> [ABOUT THIS TASK]
Every line from the one with "支持1x USB 3.0,4x USB 2.0,1x RS232" to the final line of the records should be printed exactly as it is, with pictures left out.

[Dataset records]

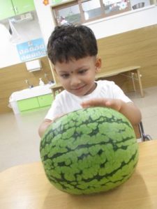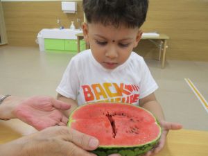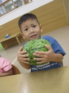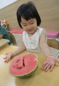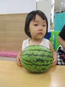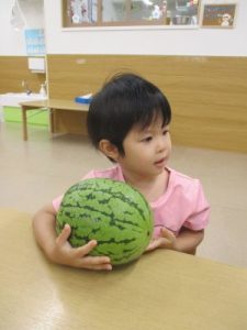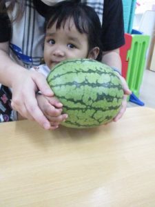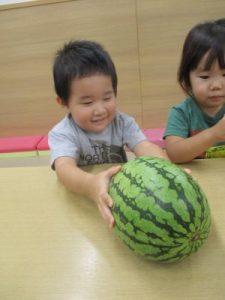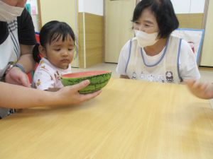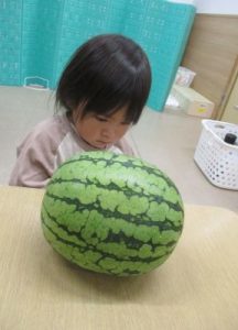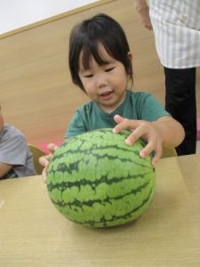 丸くて緑だったスイカが、あれれ?と不思議そうに見つめるたんぽぽ組のお友だち😊
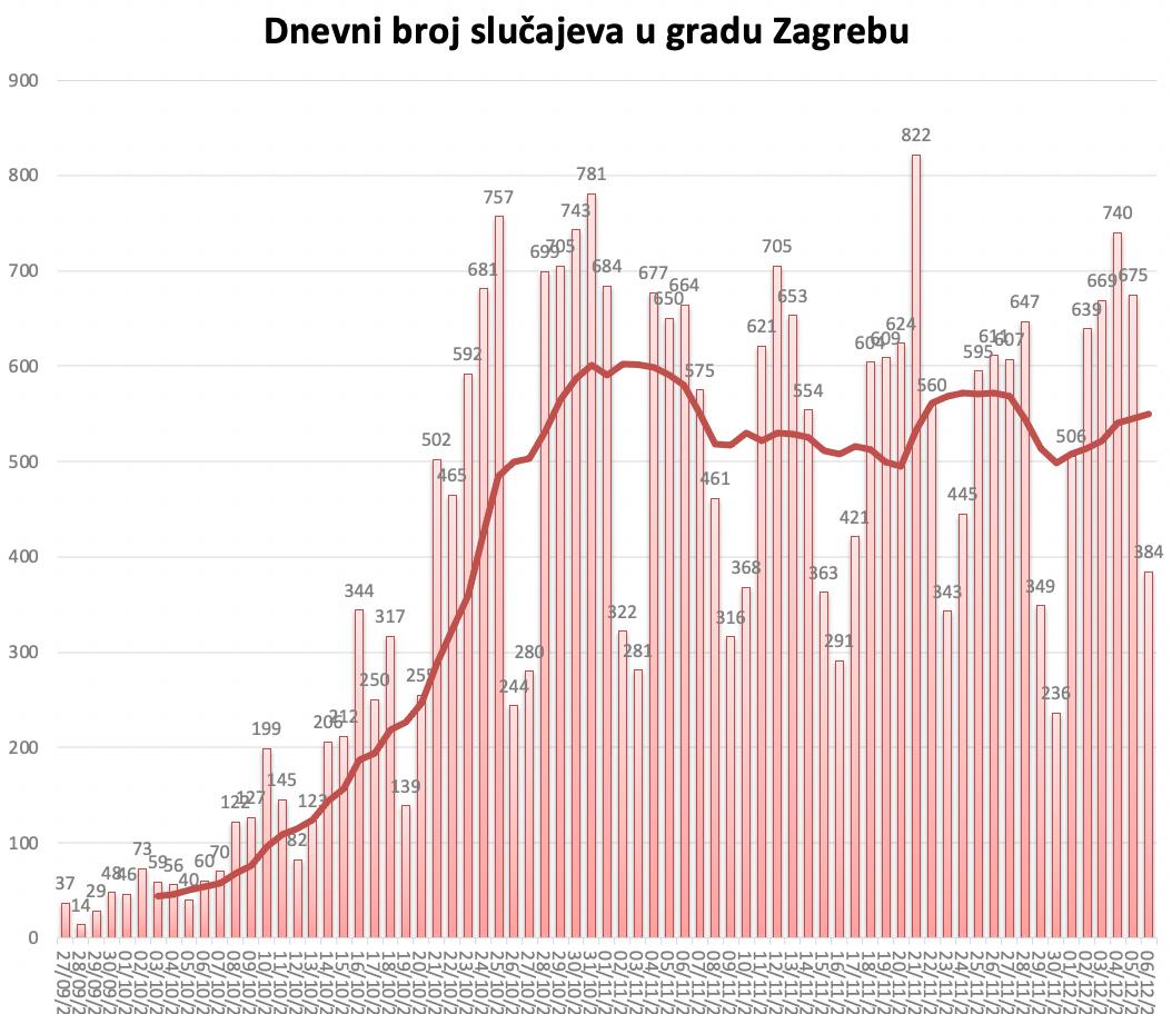 Kako KB Dubrava preuzima i višak pacijenata iz regije, to dodatno sugerira da se broj osoba koje trebaju hospitalizaciju u Zagrebu smanjuje, te da je trend blagog pada broja slučajeva koji u Zagrebu vidimo od početka studenog posljedica stvarnog pada broja zaraženih, a ne nedovoljnih kapaciteta za testiranje. Napominjem da je nesporno da je stvarni broj zaraženih uvijek je bitno veći od broja zaraženih koje potvrdimo testovima.
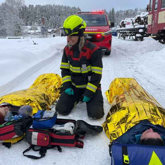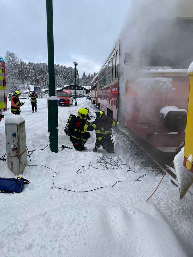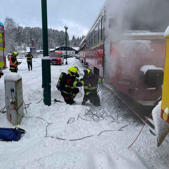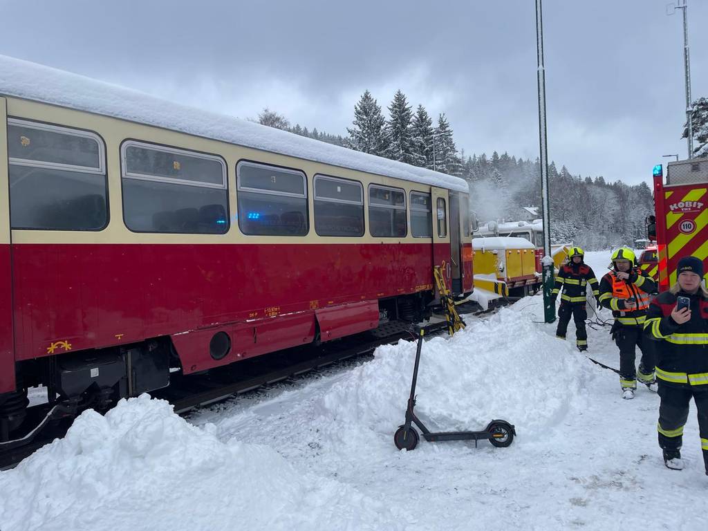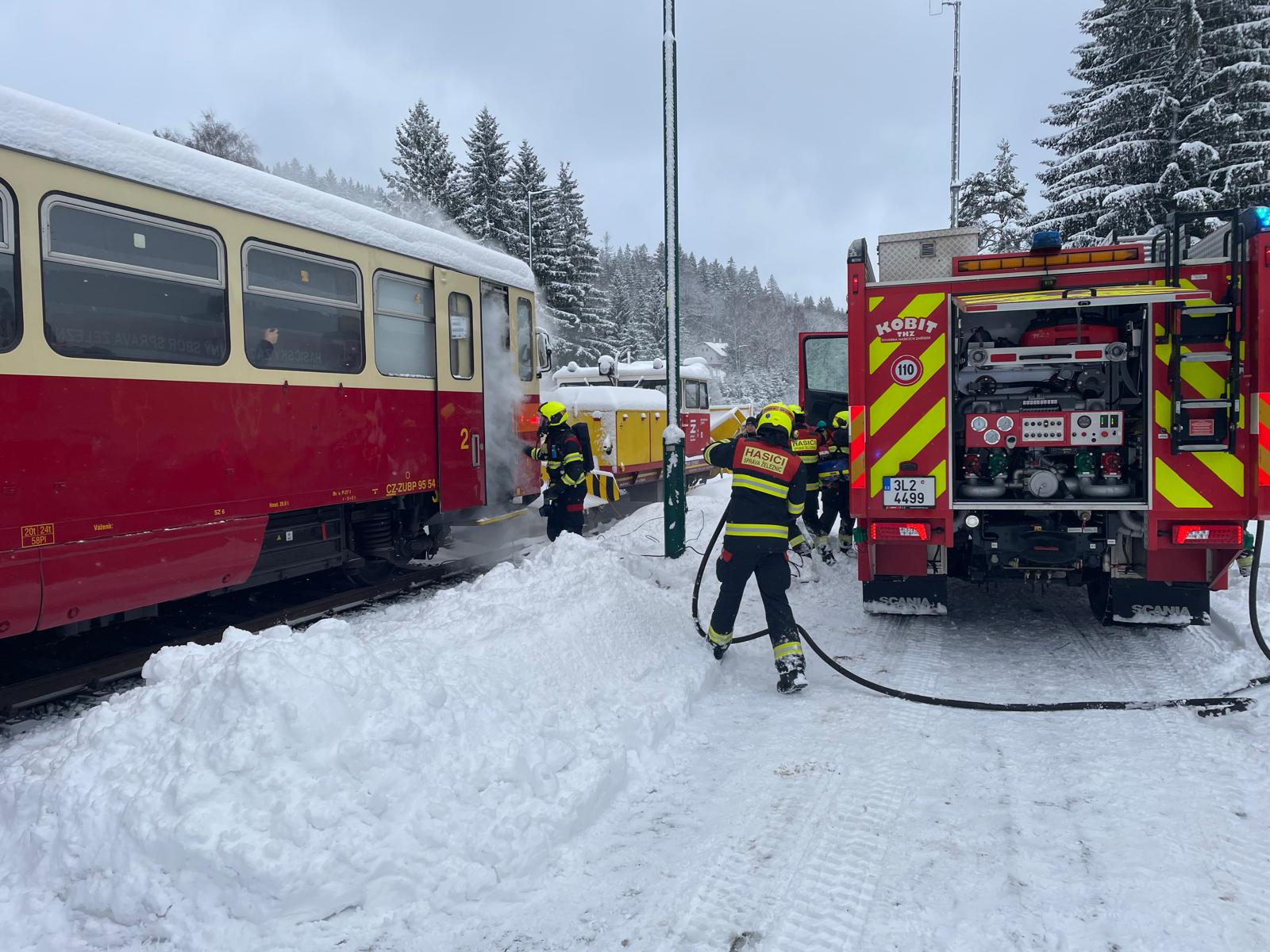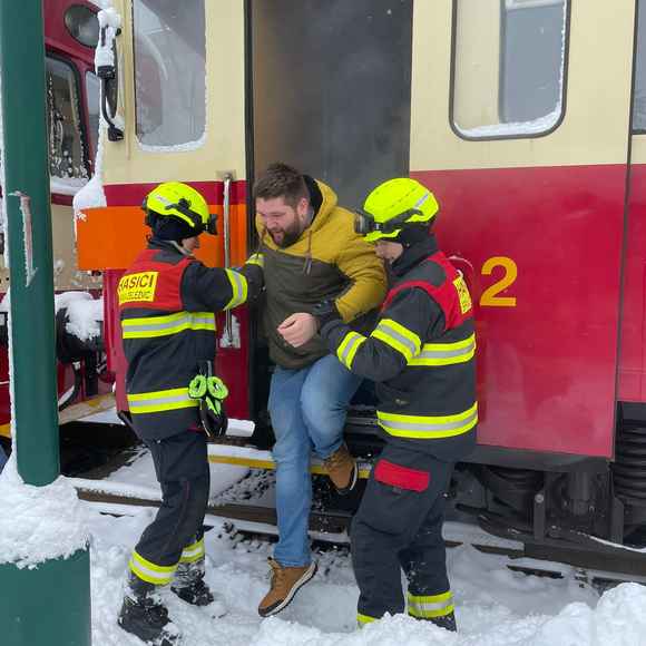 V železniční stanici Kořenov se uskutečnilo taktické cvičení jednotky HZS Správy železnic Liberec. Námět vycházel ze současných rizik spojených s přepravou moderních zařízení. Scénář simuloval požár elektrokoloběžky s Li-ion baterií ve vagonu ozubnicové dráhy na trati z Kořenova do Harrachova.
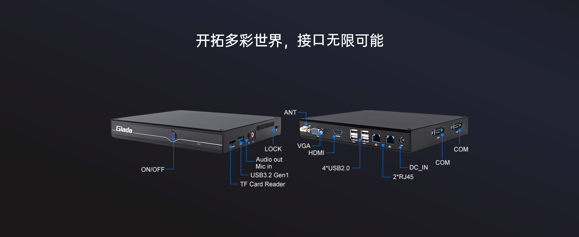 支持1x USB 3.0,4x USB 2.0,1x RS232
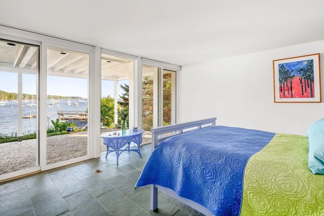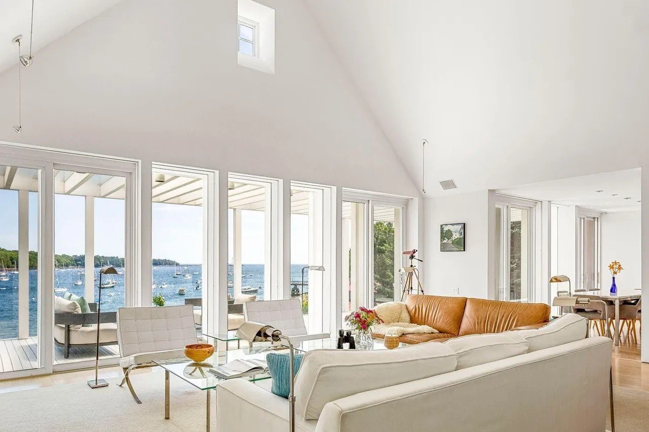 While the listing does not include the fascinating tale behind the home’s creation, it does call attention to the architectural significance of the property, hailing it as a “premier waterfront residence with breathtaking views of the harbor, offering an impressive southeast panorama to Indian Island Lighthouse and beyond to Penobscot Bay and its islands.”
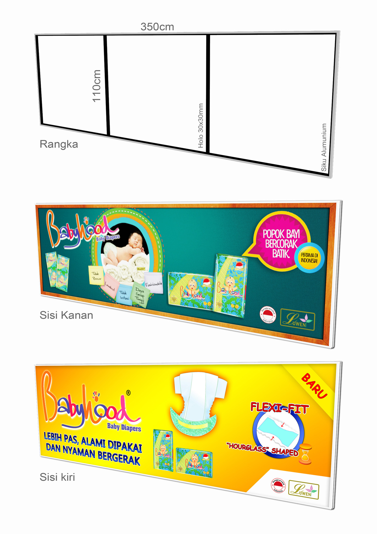 We would like to see the design that use more cheerful color. A diaper is necessary. If possible, put in babies. Our website www.babyhood.co.id and our facebook page babyhoodindonesia are to be inside the design.
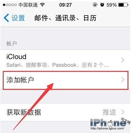 3在【郵件、通訊錄、日歷】點擊【添加賬戶】
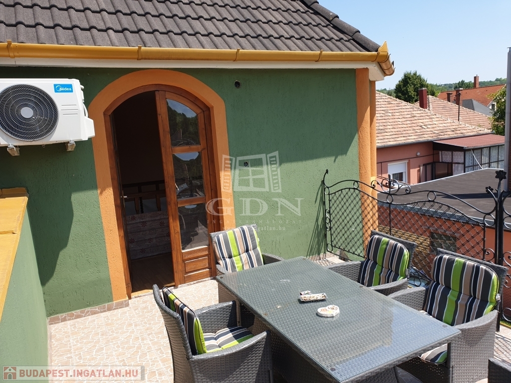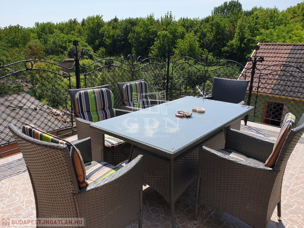 A főépület földszintjén található egy óriási nappali, egy háló, konyha ebédlővel és egy fürdőszoba, valamint külön helyiségben wc. Az emeleten található három hálószoba, fürdőszoba és illemhelyiség. Innen juthatunk ki az erkélyre is, ahonnan csodálatos kilátás tárul elénk. Az udvaron továbbá filagória és nyári konyha is használható. Parkolás akár az udvarban, de saját parkolóhelyek az ingatlan előtt.
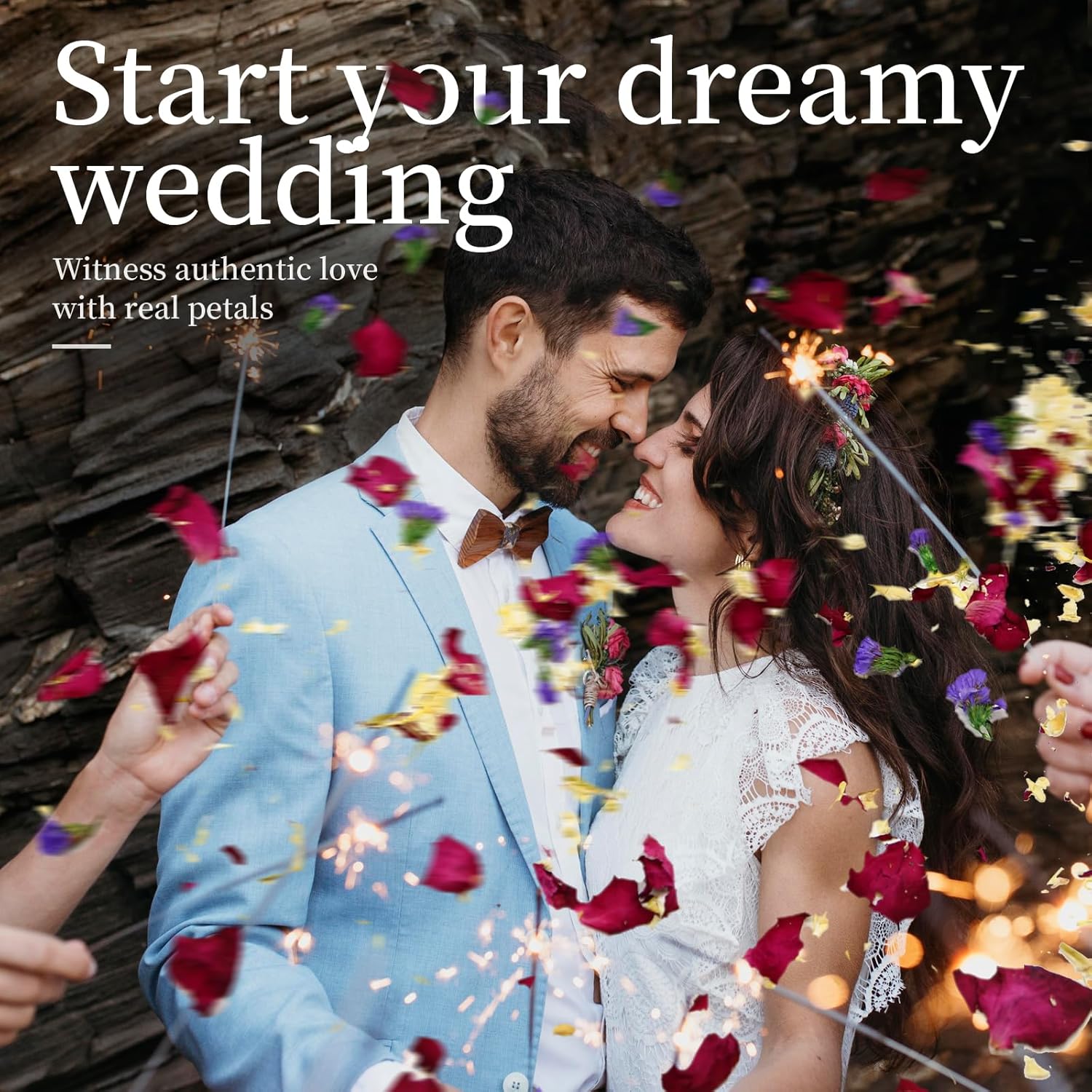 - Add Romantic Moments: One of the most cherished traditions at weddings is the joyful throwing of confetti or flower petals to celebrate the newlyweds. With our all-natural, dried flower confetti, you can add a burst of color to your Wedding Album, TikTok, Facebook, and Instagram feed. Every picture tells a story, let yours be vibrant, joyful, and eco-friendly
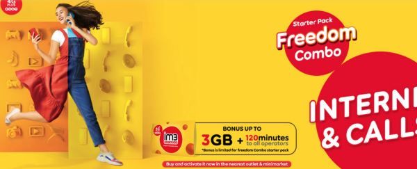 现在推出了Freedom Combo SIM卡套餐,意思是可以免费购买IM3的卡,激活后赠送3GB流量+ 120分钟通话套餐。

> [SOLUTION TO THIS PROBLEM]
 支持1x USB 3.0,4x USB 2.0,1x RS232
 While the listing does not include the fascinating tale behind the home’s creation, it does call attention to the architectural significance of the property, hailing it as a “premier waterfront residence with breathtaking views of the harbor, offering an impressive southeast panorama to Indian Island Lighthouse and beyond to Penobscot Bay and its islands.”
 We would like to see the design that use more cheerful color. A diaper is necessary. If possible, put in babies. Our website www.babyhood.co.id and our facebook page babyhoodindonesia are to be inside the design.
 3在【郵件、通訊錄、日歷】點擊【添加賬戶】
 A főépület földszintjén található egy óriási nappali, egy háló, konyha ebédlővel és egy fürdőszoba, valamint külön helyiségben wc. Az emeleten található három hálószoba, fürdőszoba és illemhelyiség. Innen juthatunk ki az erkélyre is, ahonnan csodálatos kilátás tárul elénk. Az udvaron továbbá filagória és nyári konyha is használható. Parkolás akár az udvarban, de saját parkolóhelyek az ingatlan előtt.
 - Add Romantic Moments: One of the most cherished traditions at weddings is the joyful throwing of confetti or flower petals to celebrate the newlyweds. With our all-natural, dried flower confetti, you can add a burst of color to your Wedding Album, TikTok, Facebook, and Instagram feed. Every picture tells a story, let yours be vibrant, joyful, and eco-friendly
 现在推出了Freedom Combo SIM卡套餐,意思是可以免费购买IM3的卡,激活后赠送3GB流量+ 120分钟通话套餐。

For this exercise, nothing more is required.